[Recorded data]
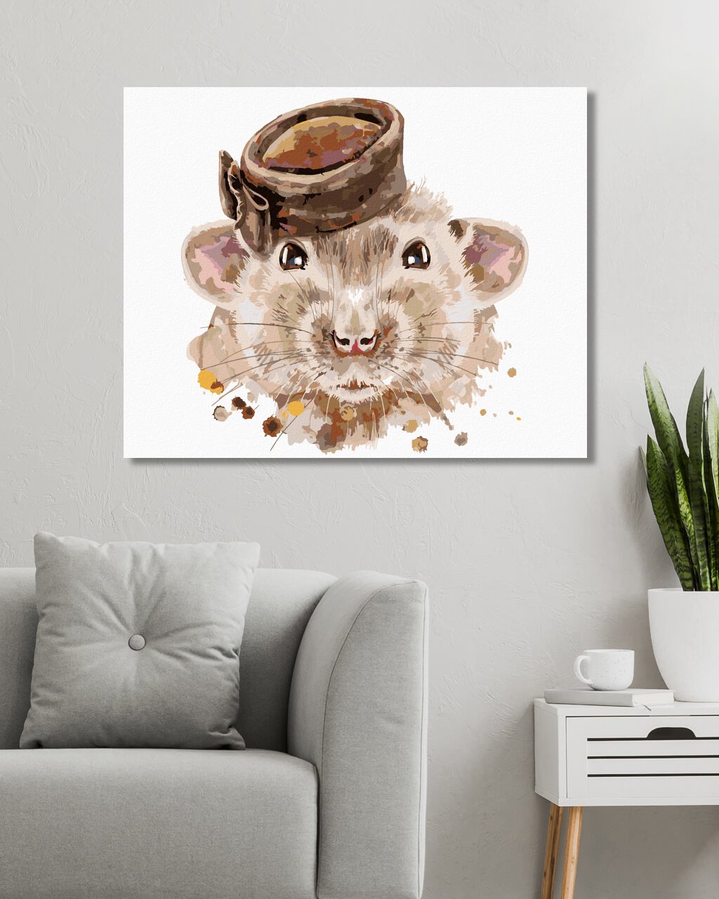 Maľovanie podľa čísel - MYŠKA S HNEDÝM KLOBÚKOM
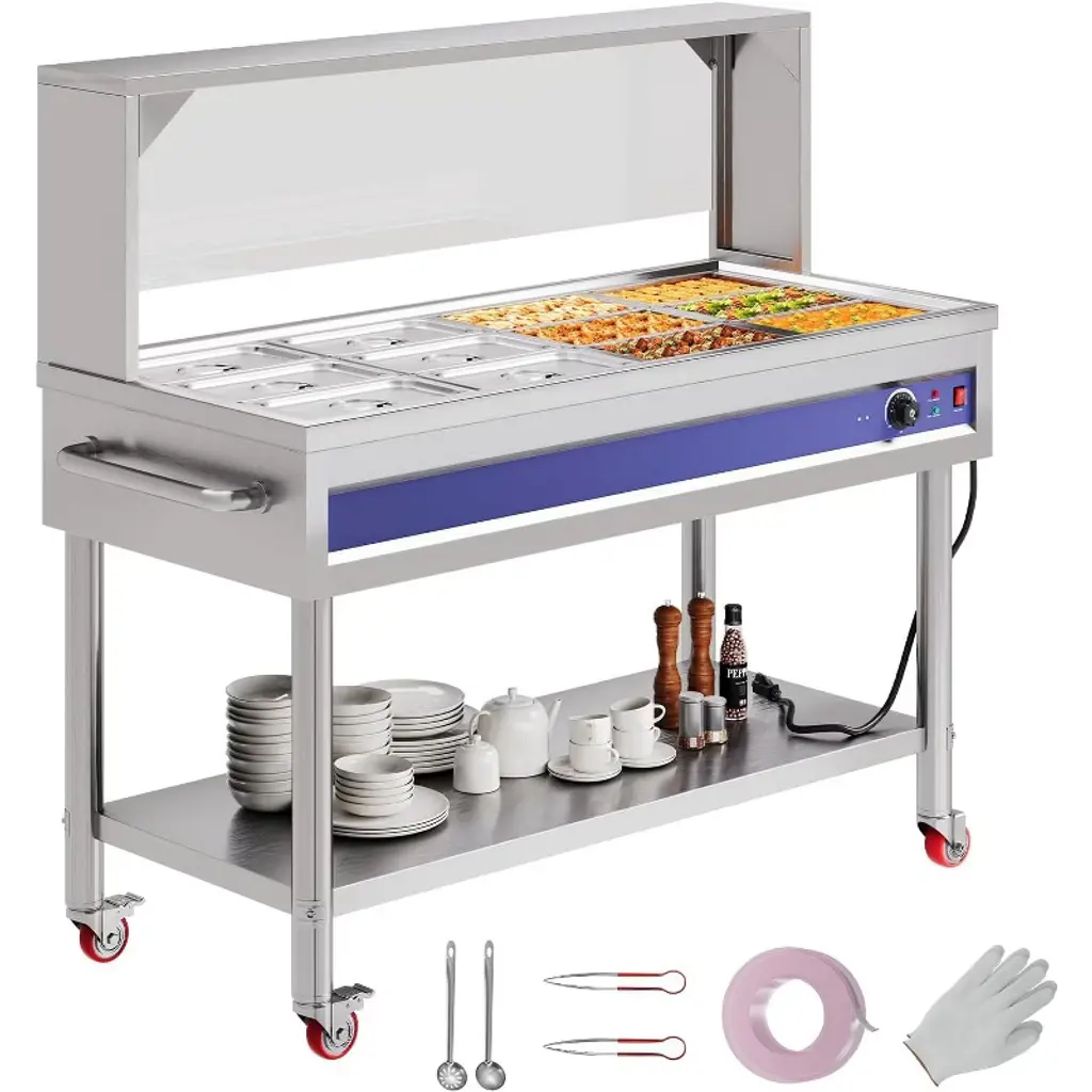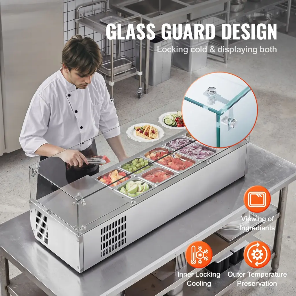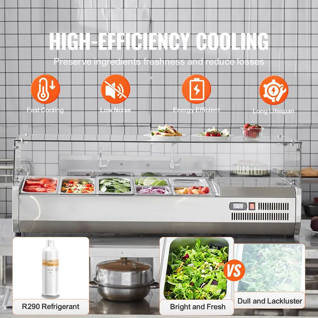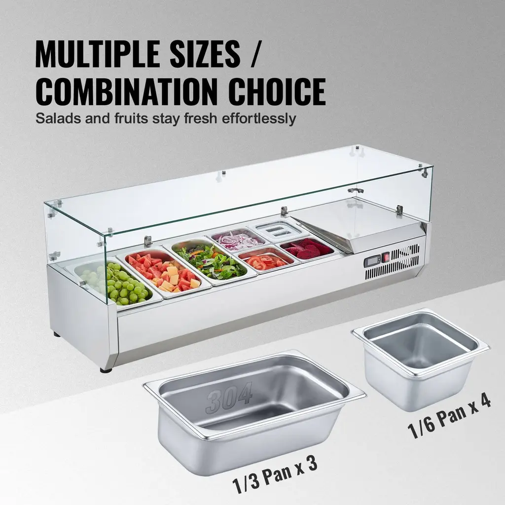 Efficient Cooling: A powerful 140W compressor ensures that condiments, sandwich toppings, and salad ingredients are kept at the proper temperature. Paired with R290 refrigerant, it offers reliable cooling effects, locks in the nutrients and moisture of the food, and operates quietly and efficiently. It is undoubtedly an ideal choice for commercial use. Please ensure the electrical environment is suitable—voltage frequency AC115V 60Hz, rated current 1.95A. Modular Tray System: Our refrigerated condiment station features 3 1/3 pans and 4 1/6 pans, increasing capacity for flexible use. Removable dividers help you reasonably segregate the areas to prevent flavor crossover and keep ingredients fresher. Made from 304 stainless steel and includes PC material bins with sealing lids to prevent dust and insects. Safe and reliable, you can also choose different sized pans as needed to meet your diverse food storage & display requirements. One-Touch Defrost: The refrigerated condiment prep station has a real-time temperature display for more accurate control. The digital LED panel shows precise temperatures, which you can set between 35.6 ℉ and 46.4 ℉. Additionally, it features a one-touch defrost function to ensure smooth airflow in the water tank, eliminating the hassle of manual defrosting and reducing condensation. Glass Guard: Sturdy and safe glass shield, attractive and transparent for excellent display quality and easy visibility of ingredients. It also features internal cooling and external heat insulation, scratch-resistant and easy to clean. Comes with all necessary installation accessories, and you can quickly install the shield following the instructions provided in our manual. Durable and Easy to Maintain: CE/ETL certified for quality assurance, The refrigerated condiment prep station featuring a 201 stainless steel base and frame that resists corrosion and rust. It also provides extra space for tools/utensils, secure heat dissipation. Please note it should be used during business hours to maintain the low temperature and freshness of pre-cooled food, and not for continuous or extended storage. Package Content 1 x Countertop Refrigerated Prep Station 20 x Decorative Screws M6*14 20 x Decorative Screw Damping Rings 20 x Decorative Nuts M6*8 5 x Two-point Glass Clamps 2 x Three-point Glass Brackets 1 x Instruction Manual
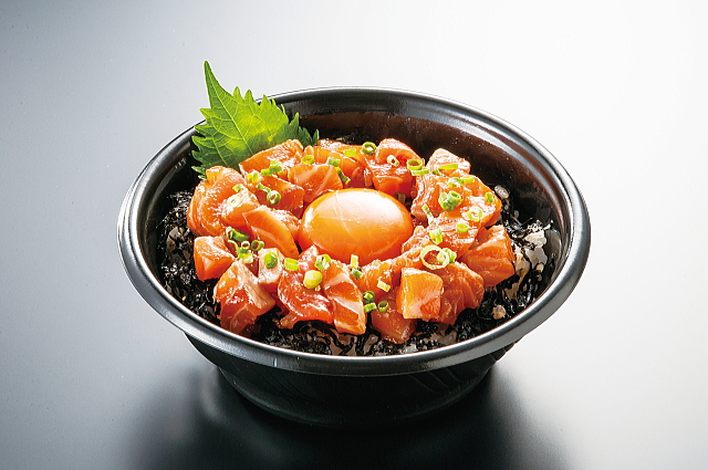 サーモン・卵黄 (自家製にんにく醤油ダレ)
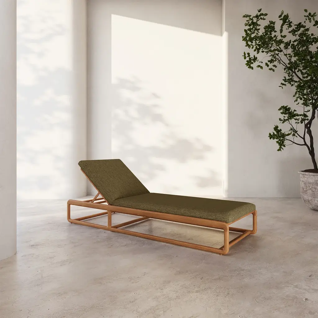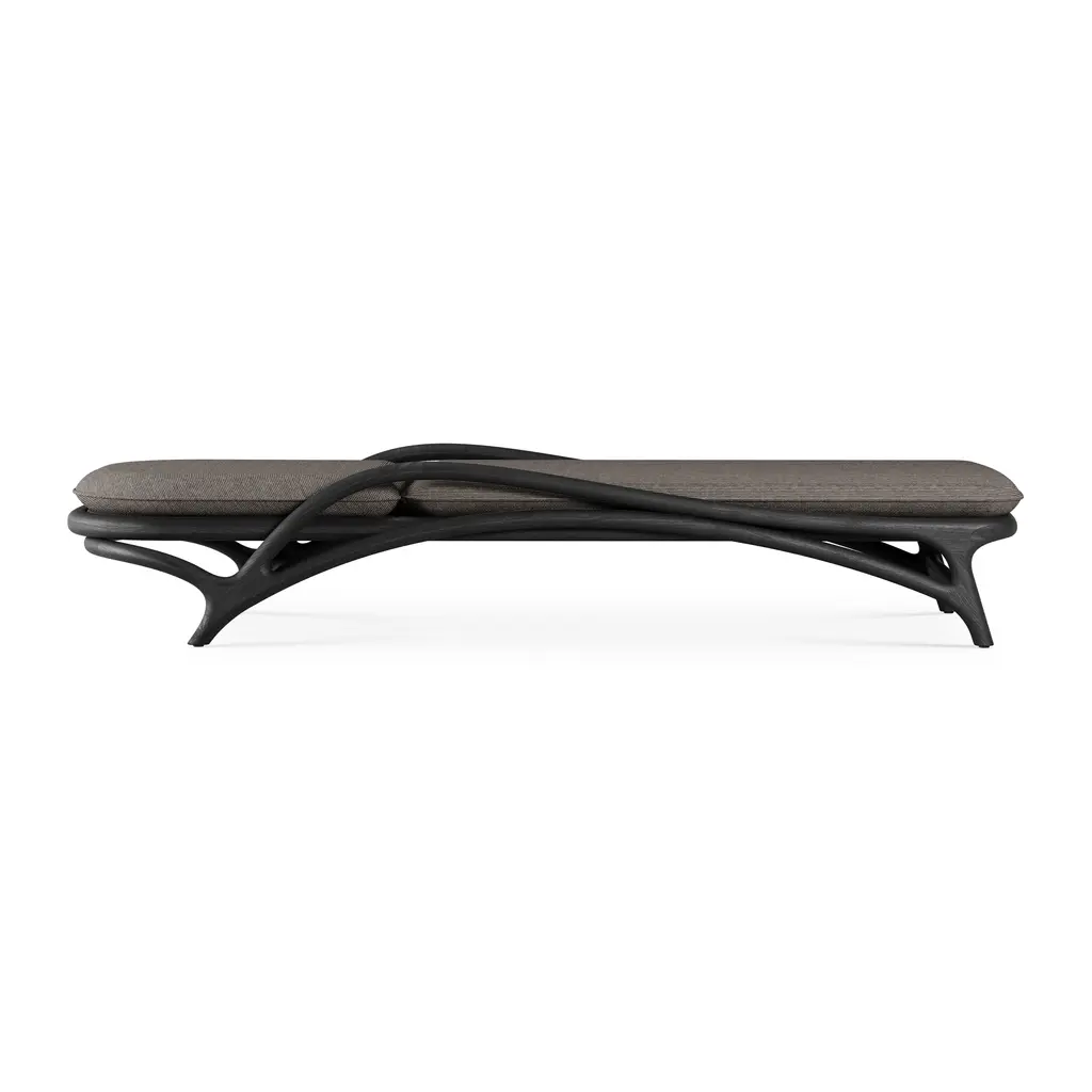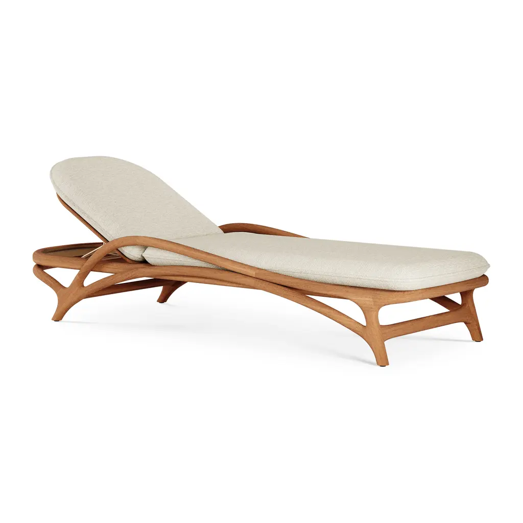Rooted in the meditative essence of nature, the Zen Outdoor Adjustable Lounger from Ethnicraft is designed to be a sanctuary for stillness. This beautiful lounger is defined by its solid teak frame, with a flowing, organic form inspired by the shapes of roots, vines, and branches. A unique, patterned metal backrest adds a subtle touch of ornamentation, while a thick, comfortable cushion with a quick-dry core invites you to pause and unwind. A fusion of sculptural form and premium, all-weather materials, it brings a sense of effortless grace to any outdoor space. Highlights:
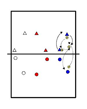 - L'obiettivo è giocare la palla a tre. Ciò richiede l'impegno di ogni giocatore.
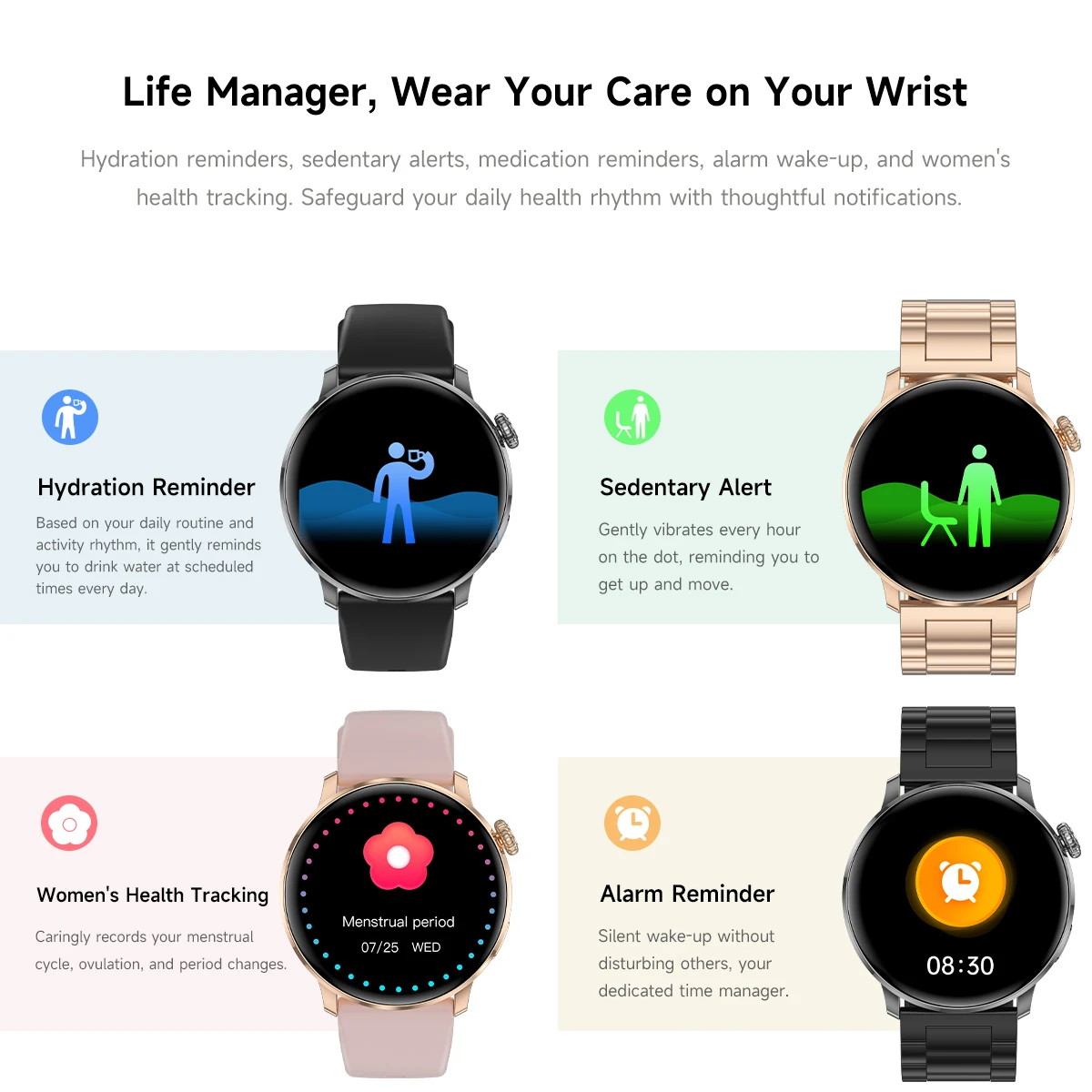Die Uhr ist stoßfest und bis zu 10 Meter wasserdicht, was sie perfekt für den Alltag und sportliche Aktivitäten macht. Die integrierte Sprachassistenz unterstützt zahlreiche Sprachen und erleichtert die Bedienung per Stimme. Das Design ist modern und modebewusst, was sie zum idealen Geschenk für Damen und Herren macht, die Wert auf Technologie und Eleganz legen.
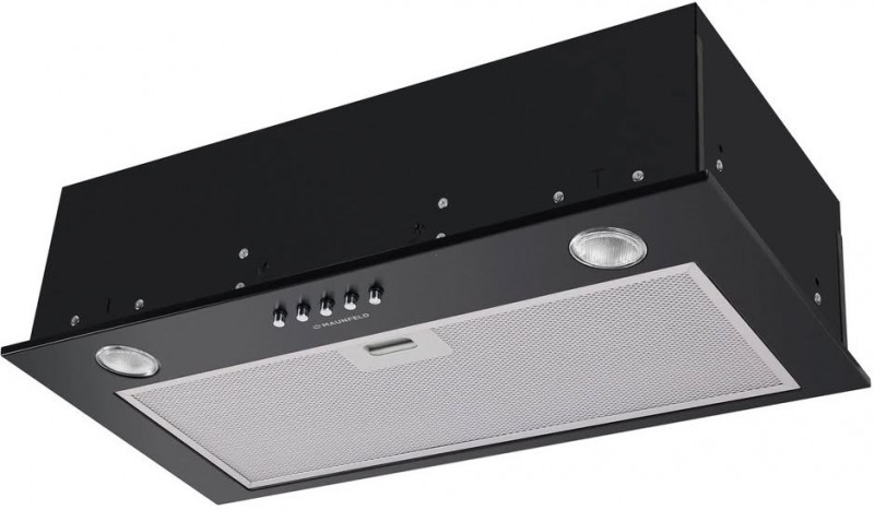Корпус выполнен из нержавеющей стали. На фронтальной панели черного цвета установлен многослойный жироулавливающий алюминиевый фильтр. Он легко вынимается из вытяжки и полностью разбирается, что значительно упрощает его очистку.

### ACTION ITEM
Copy all the data exactly as written, but skip any picture.

### SOLUTION FOR THIS TASK
 Maľovanie podľa čísel - MYŠKA S HNEDÝM KLOBÚKOM
 Efficient Cooling: A powerful 140W compressor ensures that condiments, sandwich toppings, and salad ingredients are kept at the proper temperature. Paired with R290 refrigerant, it offers reliable cooling effects, locks in the nutrients and moisture of the food, and operates quietly and efficiently. It is undoubtedly an ideal choice for commercial use. Please ensure the electrical environment is suitable—voltage frequency AC115V 60Hz, rated current 1.95A. Modular Tray System: Our refrigerated condiment station features 3 1/3 pans and 4 1/6 pans, increasing capacity for flexible use. Removable dividers help you reasonably segregate the areas to prevent flavor crossover and keep ingredients fresher. Made from 304 stainless steel and includes PC material bins with sealing lids to prevent dust and insects. Safe and reliable, you can also choose different sized pans as needed to meet your diverse food storage & display requirements. One-Touch Defrost: The refrigerated condiment prep station has a real-time temperature display for more accurate control. The digital LED panel shows precise temperatures, which you can set between 35.6 ℉ and 46.4 ℉. Additionally, it features a one-touch defrost function to ensure smooth airflow in the water tank, eliminating the hassle of manual defrosting and reducing condensation. Glass Guard: Sturdy and safe glass shield, attractive and transparent for excellent display quality and easy visibility of ingredients. It also features internal cooling and external heat insulation, scratch-resistant and easy to clean. Comes with all necessary installation accessories, and you can quickly install the shield following the instructions provided in our manual. Durable and Easy to Maintain: CE/ETL certified for quality assurance, The refrigerated condiment prep station featuring a 201 stainless steel base and frame that resists corrosion and rust. It also provides extra space for tools/utensils, secure heat dissipation. Please note it should be used during business hours to maintain the low temperature and freshness of pre-cooled food, and not for continuous or extended storage. Package Content 1 x Countertop Refrigerated Prep Station 20 x Decorative Screws M6*14 20 x Decorative Screw Damping Rings 20 x Decorative Nuts M6*8 5 x Two-point Glass Clamps 2 x Three-point Glass Brackets 1 x Instruction Manual
 サーモン・卵黄 (自家製にんにく醤油ダレ)
Rooted in the meditative essence of nature, the Zen Outdoor Adjustable Lounger from Ethnicraft is designed to be a sanctuary for stillness. This beautiful lounger is defined by its solid teak frame, with a flowing, organic form inspired by the shapes of roots, vines, and branches. A unique, patterned metal backrest adds a subtle touch of ornamentation, while a thick, comfortable cushion with a quick-dry core invites you to pause and unwind. A fusion of sculptural form and premium, all-weather materials, it brings a sense of effortless grace to any outdoor space. Highlights:
 - L'obiettivo è giocare la palla a tre. Ciò richiede l'impegno di ogni giocatore.
Die Uhr ist stoßfest und bis zu 10 Meter wasserdicht, was sie perfekt für den Alltag und sportliche Aktivitäten macht. Die integrierte Sprachassistenz unterstützt zahlreiche Sprachen und erleichtert die Bedienung per Stimme. Das Design ist modern und modebewusst, was sie zum idealen Geschenk für Damen und Herren macht, die Wert auf Technologie und Eleganz legen.
Корпус выполнен из нержавеющей стали. На фронтальной панели черного цвета установлен многослойный жироулавливающий алюминиевый фильтр. Он легко вынимается из вытяжки и полностью разбирается, что значительно упрощает его очистку.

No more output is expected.